The latter featured 70-year-old Larry Harvey of Kettle Falls, Wash.,
who faces a possible 10-year prison sentence for growing marijuana
that he used to treat his gout and knee pain. His farm is in McMorris
Rodgers' district.

"I voted to send Congresswoman Cathy McMorris Rodgers to Congress, and
she voted to send me to prison," Harvey said in the ad.

Kris Hermes, spokesman for Americans for Safe Access, said the group
had decided to run a positive ad featuring Hastings to balance its
media campaign, broadening it beyond members who'd been "aggressively
oppositional."

"We just didn't want to target politicians who have come down on the
wrong side of the issue," said Hermes.

He said the group expected to run more similar ads. The group has also
designed a state-by-state report card, showing how members of Congress
have voted on medical marijuana.

Hastings and McMorris Rodgers declined to comment.

In a statement, Wasserman Schultz said she supported "evidence-based
medical marijuana treatment" but that she'd voted against the bill
because it wasn't appropriate to limit the Obama administration's
ability to enforce federal laws.

Earlier this year, the pro-legalization group Marijuana Policy Project
ran ads against two Democratic governors, Mark Dayton of Minnesota and
Andrew Cuomo of New York, urging them to back medical marijuana bills.

In the Minnesota ad, a man with muscular dystrophy said he didn't
understand why Dayton would block the legislation, adding: "I am a
patient, not a criminal."

In the New York ad, a psychiatrist made a direct plea to Cuomo on
behalf of his wife, who has Parkinson's disease: "Knowing there's a
medication that could help my wife, but that medication is illegal
here in New York, is agonizing."

On July 7, Cuomo signed a bill that made New York the latest state to
pass a medical marijuana law. Dayton signed off on his state's plan in
May.

Legalization opponents say the efforts to stop pot prosecutions are
misguided.

"Out here in Washington, it's sad to me that the politicization of
this has ignored the health and safety risks for kids and
communities," said Derek Franklin, Washington state coordinator of
Project SAM (Smart Approaches to Marijuana). "And regardless of what
folks think of the legalization experiments, part of how this can work
is if there's robust enforcement."

Franklin said children in the state were getting exposed again to ads
with pro-marijuana messages, just as they were in 2012.

"Ads like this just continue to erode what healthy norms we've got
left," he said.

Lobbyists predict that their political muscle will only
increase.

"The demographics are going to continue to evolve in our favor because
of the younger voters, because of the older population dying off,"
said Eidinger.

And lobbyists expect the issue's popularity to result in new
alliances.

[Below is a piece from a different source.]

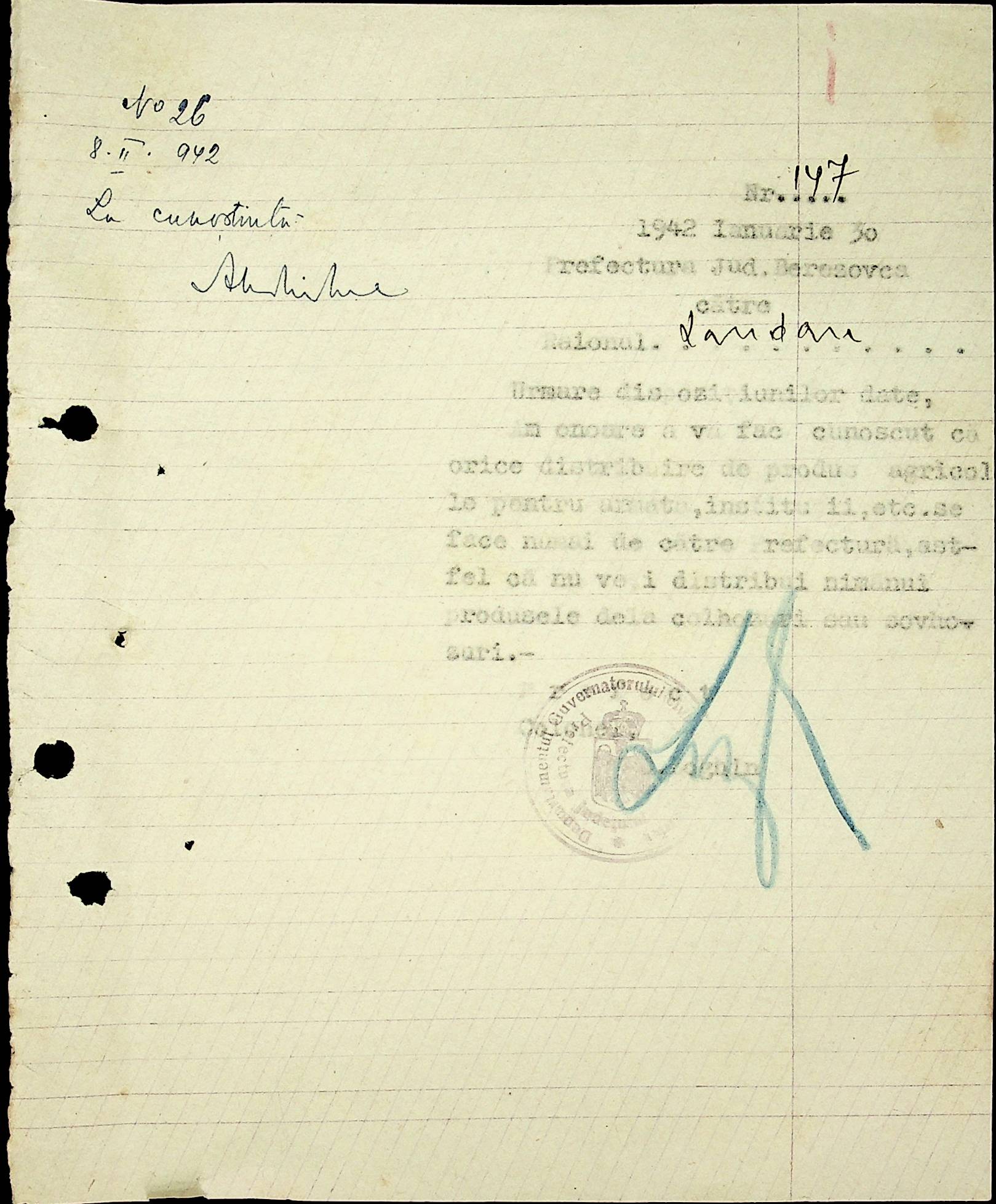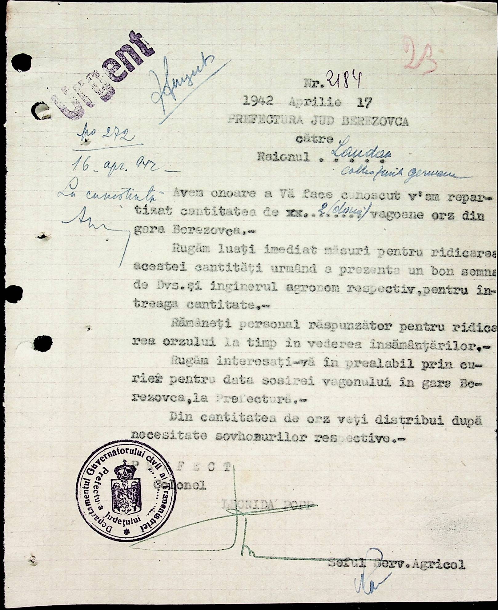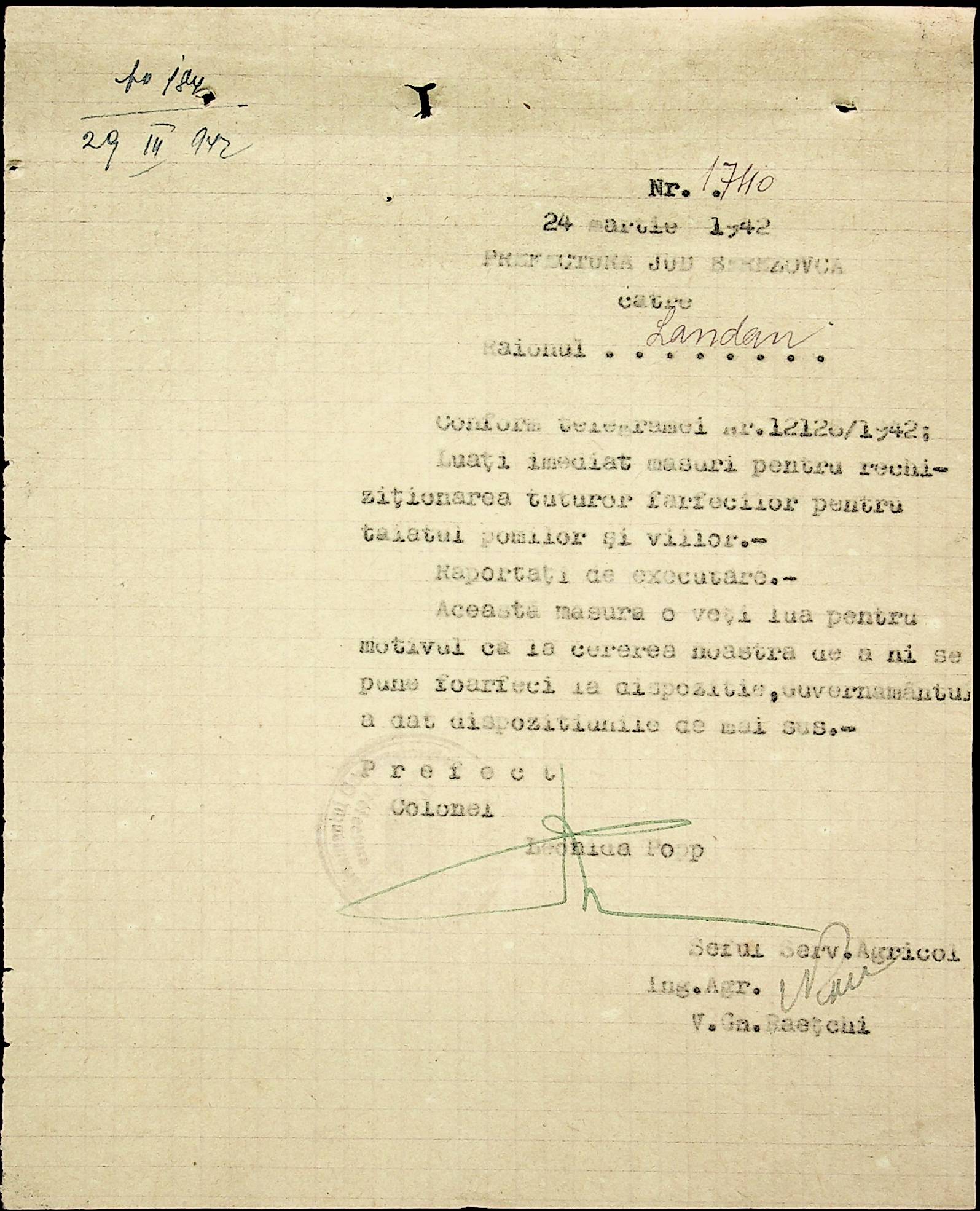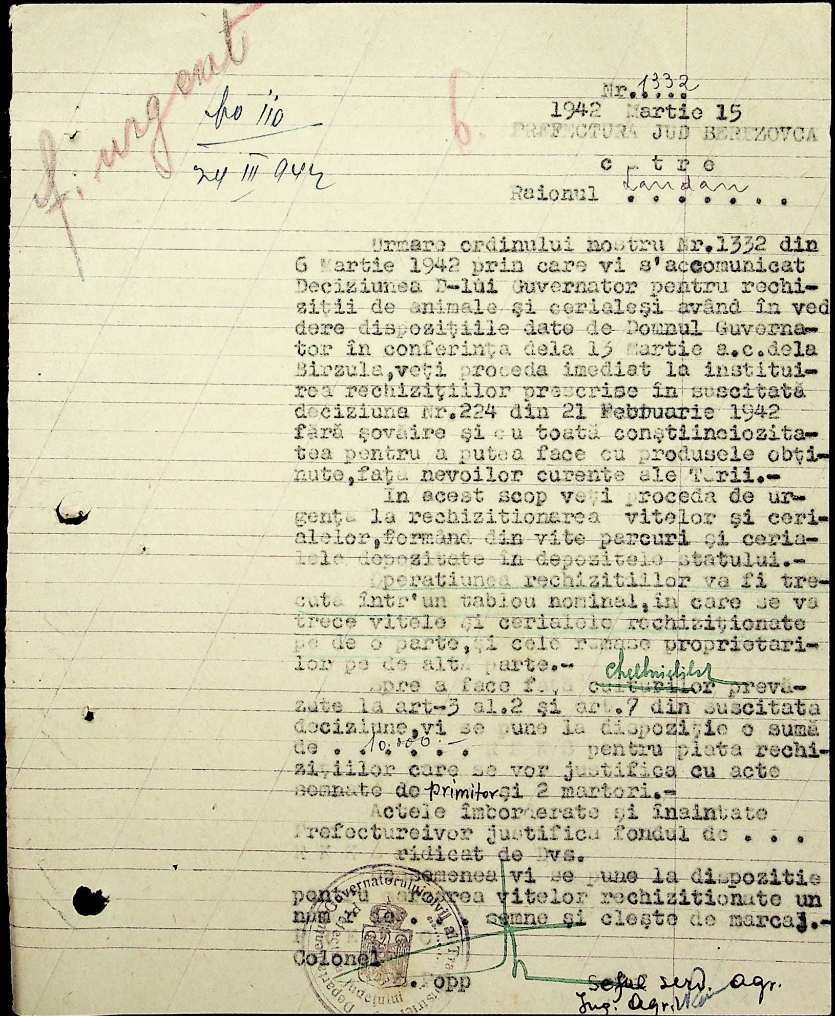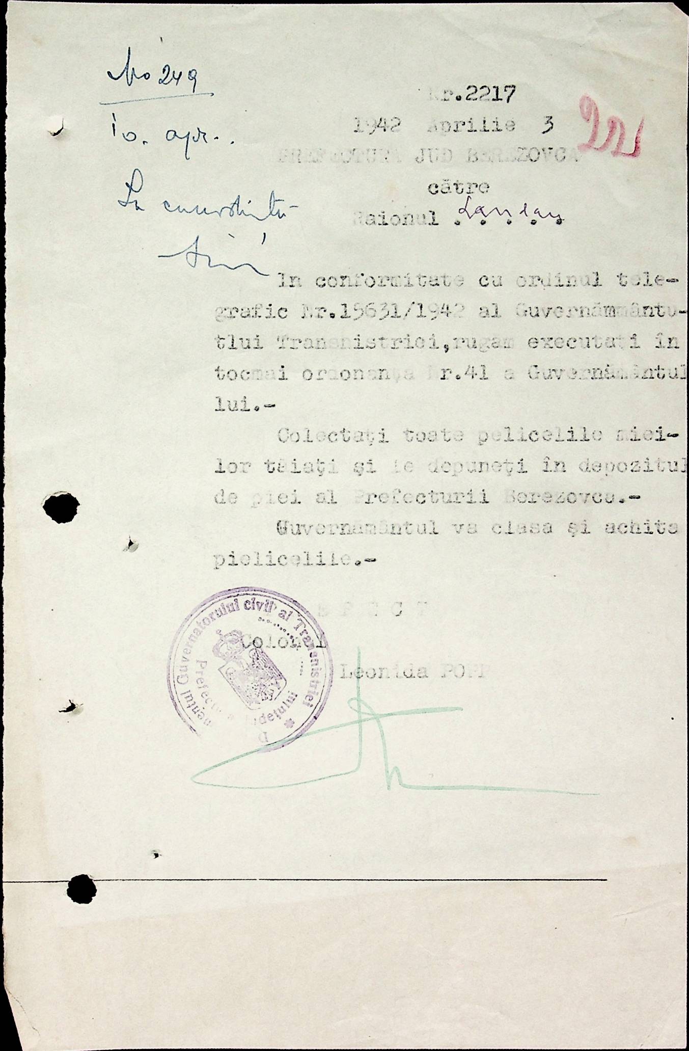 • • • • Справа № 40 Накази, постанови цивільного губернатора Трансністрії про облік та розподіл сільгосппродукції, встановлення цін, передачу вовни, що є на території Трансністрії у власність губернаторства, ремонт та відновлення реманенту сільськогосподарських общин, листування з префектурою Березівського повіту про видачу продуктів для німецько-румунської армії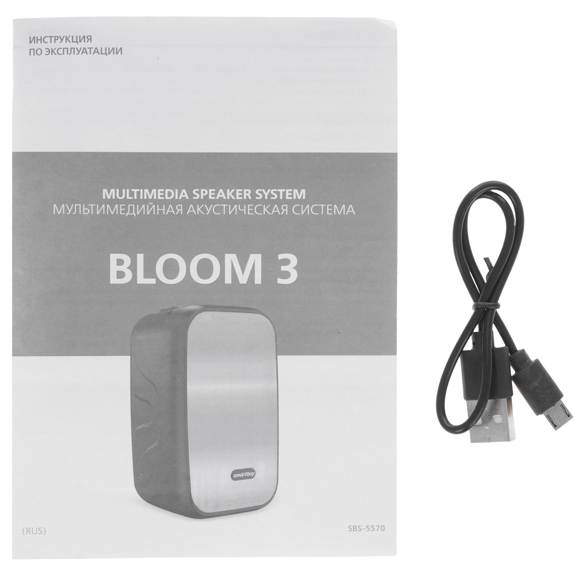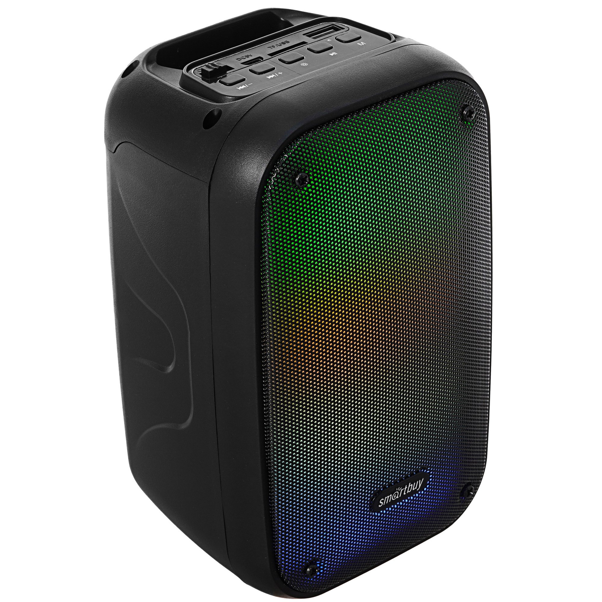 Портативная аудиосистема Smartbuy BLOOM 3 выполнена в пластиковом корпусе с многоцветной подсветкой и удобно расположенным регулятором на верхней панели. Есть USB-порт и слот для microSD-карт, модуль Bluetooth для беспроводной связи с источником сигнала. Вы можете слушать FM-радио и любимую музыку с внешних накопителей или мобильных устройств. Аккумулятор выдерживает до 5 ч работы без подзарядки.

They noted that many Florida Democrats are backing a
November ballot measure to legalize medical marijuana, hopeful it will
aid gubernatorial candidate Charlie Crist. Eidinger also wants Hillary
Clinton to go to Florida to endorse the measure.

In Maryland, Republican Rep. Andy Harris is getting a taste of things
to come.

Last month, Americans for Safe Access ran an ad against Harris after
he gave a speech opposing medical marijuana and voted against the bill
to strip funding from the Justice Department.

He's also upset officials in Washington, D.C., by trying to block the
city from decriminalizing marijuana. In March, the D.C. Council voted
to make possession of a small amount a misdemeanor with a $25 fine,
but Congress must approve the law. Harris got the House Appropriations
Committee to back an amendment to kill the plan.